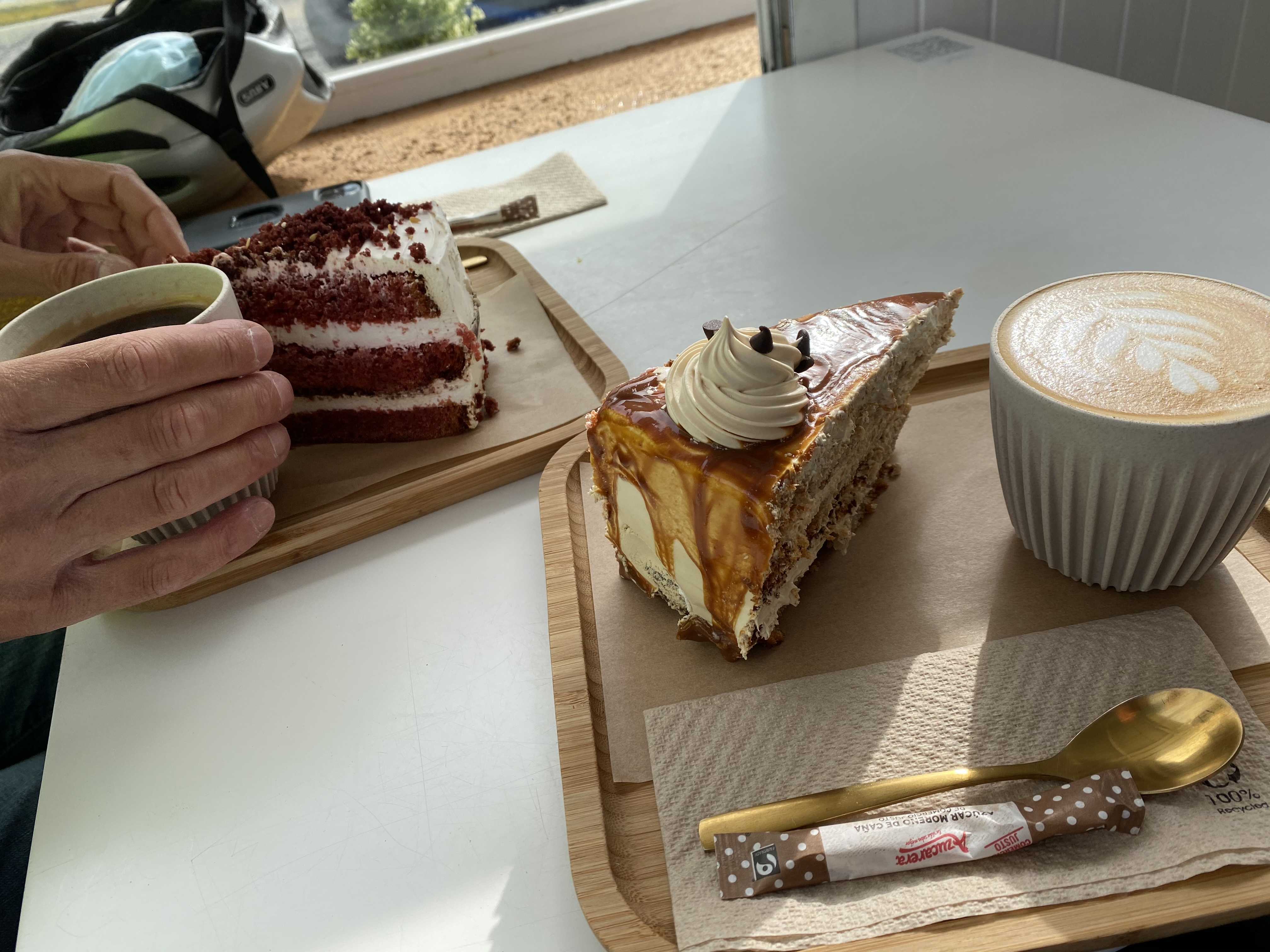 Another ride out, this time further West was to a workaday town called Conil but it was a super ride (and flat!) and it had a lovely old town. There’s nothing there particularly of note, the architecture has a fair amount of Moorish influence though, but given it was the weekend, there was a locals buzz at the old town bars, we joined in, naturally! We rode back along the beach road rather than €3.7m cycle track funded by the EU (€0.25m/km) All along the route were locals out for lunch and drinks at the plethora of bars and restaurants behind the sand at Playa del Palmar, combined with lots of kites and boards. Its a stretch of sand that no doubt is jam packed in season, with everything there to cater for it. Funnily enough we found cake… When we finally arrived back we were just in line for an early supper at Los Pinos, the local, Jigsaw had a treat as I took some tuna home for her. She posted on Insta after eating a big chunk in about 10 seconds. Anyhow, time to move on from waking up to birdsong in the tree canopy and explore Cadiz. I won’t be going to the local dentist anytime soon though…
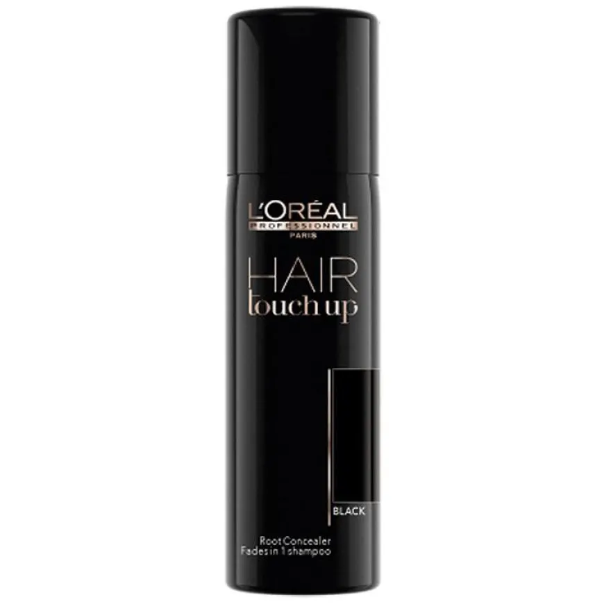 L’Oréal Professionnel Hair Touch Up for svart hår er en midlertidig touch up spray til hårrøttene for å skjule grått hår. Formulert med sminkepigmenter, blander den seg sømløst med håret for en best mulig dekkevne. Den er enkel å bruke, den tørker umiddelbart og den er ut av håret etter em vask med sjampo* vasker ut i bare én sjampo*
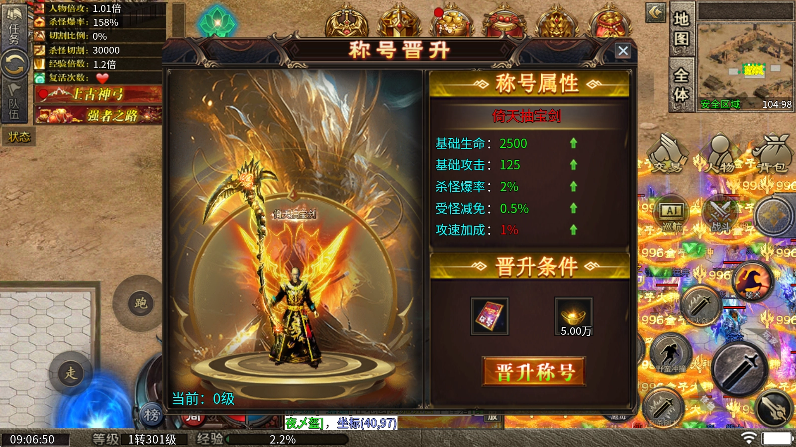 2、称号晋升:消耗称号卷轴和元宝来晋升称号,每一级都可以提升生命和攻击还能增加爆率和攻速。
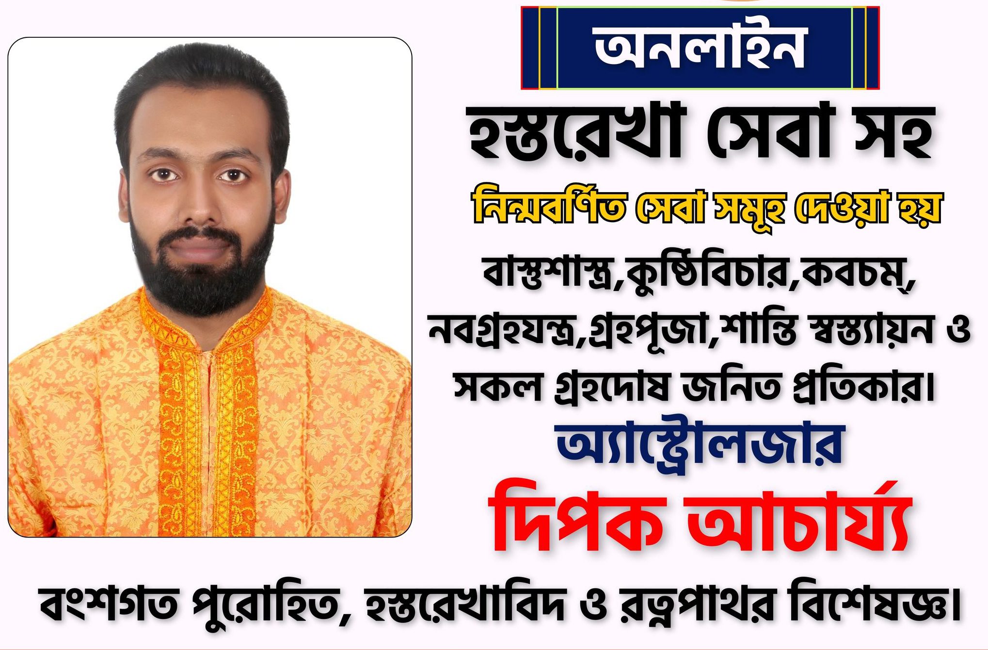 ৮০% ডিসকাউন্টে নামমাত্র মূল্যে স্বনামধন্য জ্যোতিষ দীপক কুমার আচার্য্য আপনার হস্তরেখা বা হাত দেখে আপনার ভাগ্য বলে দিতে পারবেন। এর পাশাপাশি আপনার জন্য কোন প্রতিকার বা ব্যবস্থা গ্রহণ করলে এ সমস্যা কাটিয়ে আপনি আপনার ভালো সময়ে ফেরত যেতে পারবেন তা নির্ধারণ করে দিতে পারবেন।
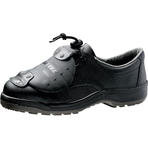 足甲を落下物から保護する甲プロテクタ付です。(JIS記号M合格)軽量で親指を圧迫することなく着用できるワイド樹脂先芯です。鋼製先芯と同じ安全性でサビなどの心配もありません。 |
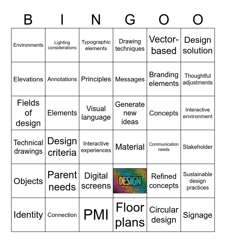 This bingo card has 1 images and 35 words: Digital screens, Floor plans, Elevations, Technical drawings, Generate new ideas, Annotations, PMI, Vector-based, Refined concepts, Thoughtful adjustments, Drawing techniques, Sustainable design practices, Elements, Messages, Environments, Objects, Concepts, Fields of design, Typographic elements, Visual language, Design criteria, Material, Interactive experiences, Communication needs, Lighting considerations, Branding elements, Connection, Principles, Design solution, Signage, Identity, Stakeholder, Interactive environment, Parent needs and Circular design.

[What you should do]
The material above holds pictures; leave them out and set down exactly the lines from the line with "2、称号晋升:消耗称号卷轴和" to the line with "足甲を落下物から保護する甲プ", both included.

[Expected output]
 2、称号晋升:消耗称号卷轴和元宝来晋升称号,每一级都可以提升生命和攻击还能增加爆率和攻速。
 ৮০% ডিসকাউন্টে নামমাত্র মূল্যে স্বনামধন্য জ্যোতিষ দীপক কুমার আচার্য্য আপনার হস্তরেখা বা হাত দেখে আপনার ভাগ্য বলে দিতে পারবেন। এর পাশাপাশি আপনার জন্য কোন প্রতিকার বা ব্যবস্থা গ্রহণ করলে এ সমস্যা কাটিয়ে আপনি আপনার ভালো সময়ে ফেরত যেতে পারবেন তা নির্ধারণ করে দিতে পারবেন।
 足甲を落下物から保護する甲プロテクタ付です。(JIS記号M合格)軽量で親指を圧迫することなく着用できるワイド樹脂先芯です。鋼製先芯と同じ安全性でサビなどの心配もありません。 |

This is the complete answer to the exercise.